The number of real roots of $x\lfloor x\rfloor+187=\lfloor x^{2}\rfloor+\lfloor x\rfloor$

Question

Find the number of real roots of the equation $x\lfloor x\rfloor+187=\lfloor x^{2}\rfloor+\lfloor x\rfloor$.
I search other methods except checking case by case.

Answer 1

For $x$ an integer the only solution is $x=187$.

Note that $x\lfloor x \rfloor$ must be an integer since all the other quantities are integers. Let $x=I+f$, where $I$ is an integer and $0 < f <1$. Then $x\lfloor x \rfloor = I^2+If$. So for this to be an integer $f=\frac{t}{I}$, where $t$ is an integer such that $0<t \leq I-1$.

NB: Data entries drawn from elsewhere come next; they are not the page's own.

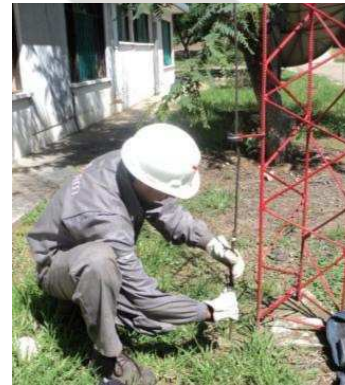
Formación en uso correcto de EPP (izquierda). Verificación anual puestas a tierra de pararrayos de instalaciones y polvorines (derecha).
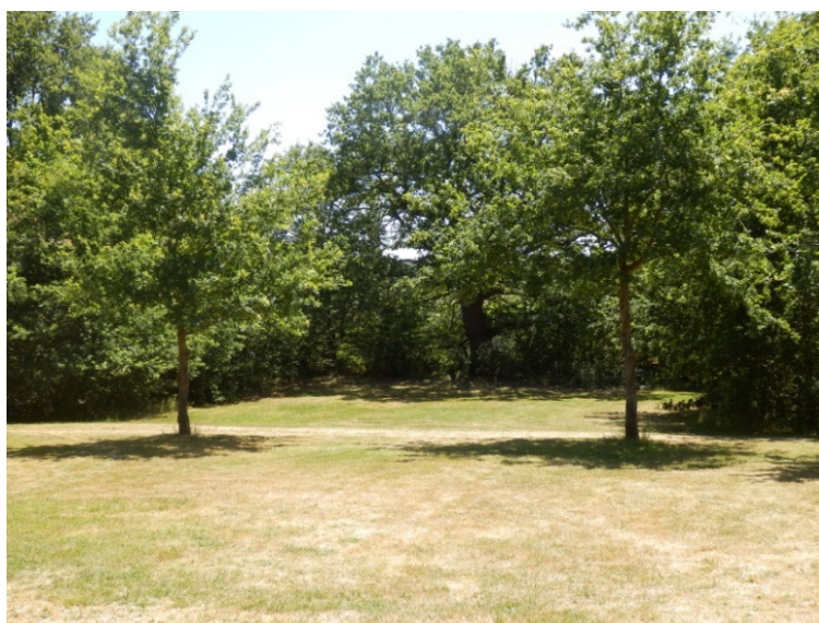
Un « petit » emplacement

Beaucoup d'espace, très joli domaine, naturisme très bien respecté, belle piscine, accueil sympathique, nous avons apprécié notre séjour aux Fourneaux avec comme seul bémol le fait de ne côtoyer presque aucun campeur francophone.
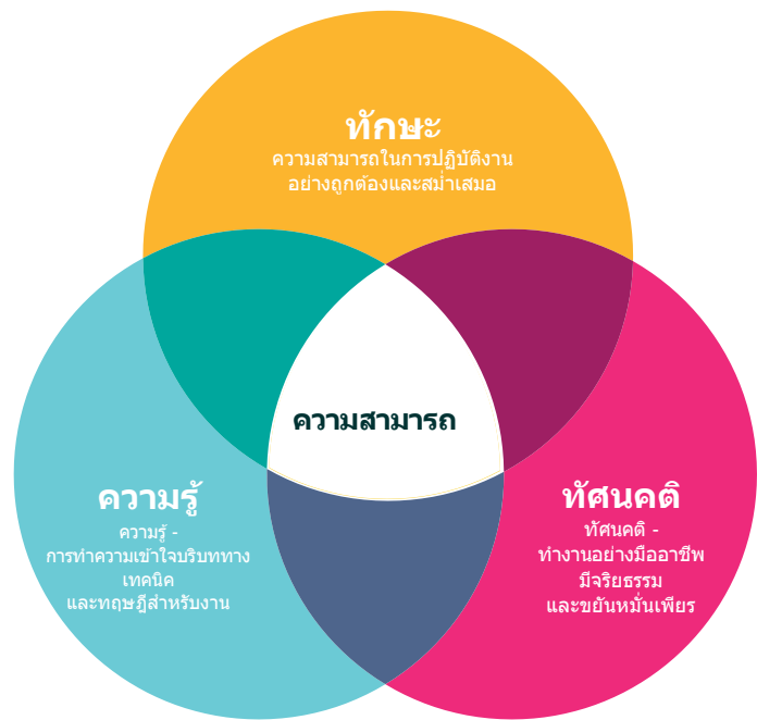
รูปที่ 1 - แบบจำลองทักษะ-ความรู้-ทัศนคติสำหรับความสามารถ(การออกแบบชั่วคราว ปรับปรุง)

ทักษะและพฤติกรรมส่วนบุคคลขั้นพื้นฐาน - ความเป็นผู้นำ การสื่อสาร การทำงานเป็นทีม การคิดอย่างเป็นระบบ การปรับตัว

Using $x=I+\frac{t}{I}$, we get $$I^2+t+187=I^2+2t+\left\lfloor \frac{t^2}{I^2}\right \rfloor +I$$ But $\left\lfloor \frac{t^2}{I^2} \right\rfloor =0$. Thus we have $I+t=187$.

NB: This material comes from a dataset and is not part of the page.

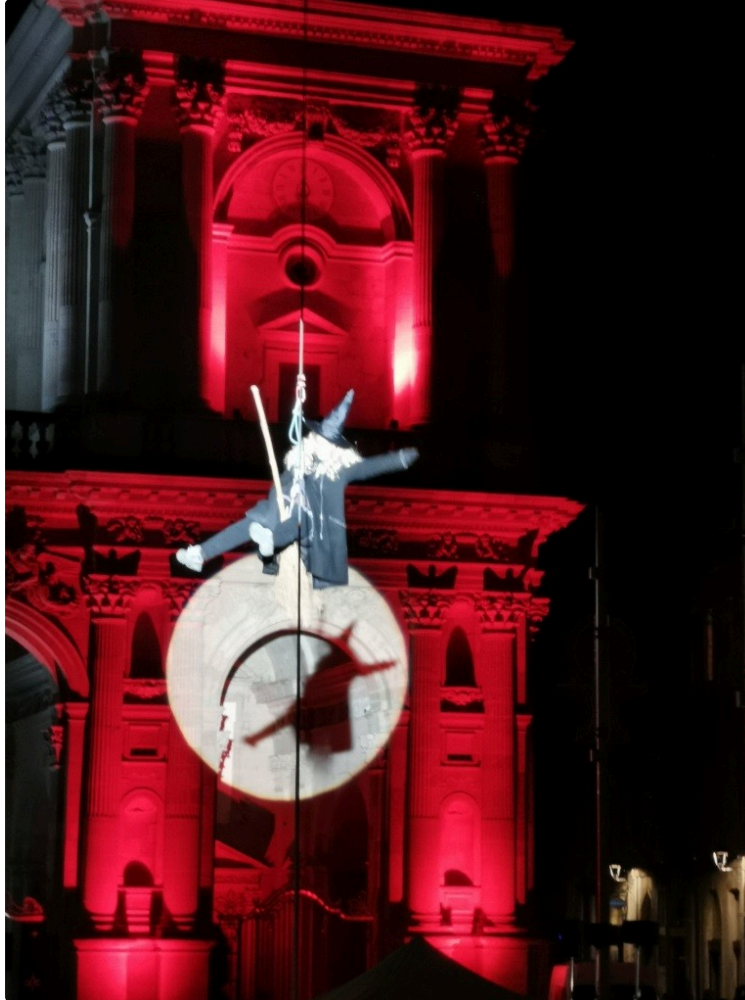
La fête de la Befana a enchanté petits et grands

Samedi soir sous un ciel idéal et les regards admiratifs d'une foule dense a eu lieu l'accueil de la Befana, gentille sorcière italienne .
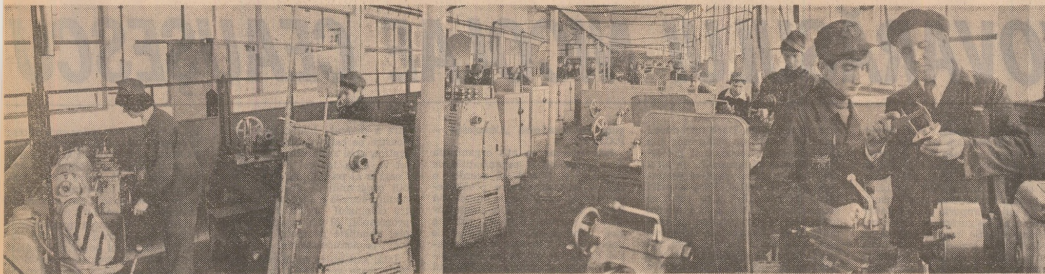
Grupul școlar al întreprinderii mecanice Muscel: viitorii muncitori calificați deprind a.b.c.-ul meseriei în atelierul-școală

However $0<t \leq I-1$ gives $94 \leq I <187$.

Now you can get $x=(I-1)+\frac{187}{I}$.

Answer 2

For $x[x]+n=[x^{2}]+[x] $, the solutions are $x = m+\frac{n-m}{m}$ for $n/2 < m \le n$.

This problem is $n=187$.

Let $[x] = m$ and $y = x-m$, $0 \le y < 1$.

$\begin{array}\\ (m+y)m+n &=[(m+y)^2]+m\\ \text{or}\\ m^2+n+my &=[m^2+2my+y^2]+m\\ &=m^2+m+[2my+y^2]\\ &=m^2+m+2my\\ \text{or}\\ n &=m+my\\ \text{or}\\ my &=n-m\\ \end{array} $

Since $0 \le y < 1$, $y = k/m$ where $0 \le k < m$.

Therefore $k = n-m $.

Since $0 \le k < m$, $n \ge m$ and $n < 2m$, so $n/2 < m \le n$.

For any such $m$, let $x = m+\frac{n-m}{m}$.

Then

$\begin{array}\\ x[x]+n &=m(m+\frac{n-m}{m})+n\\ &=m^2+(n-m)+n\\ &=m^2+2n-m\\ \text{and}\\ [x^2]+[x] &=[(m+\frac{n-m}{m})^2]+[m+\frac{n-m}{m}]\\ &=m^2+2(n-m)+m\\ &=m^2+2n-m\\ \end{array} $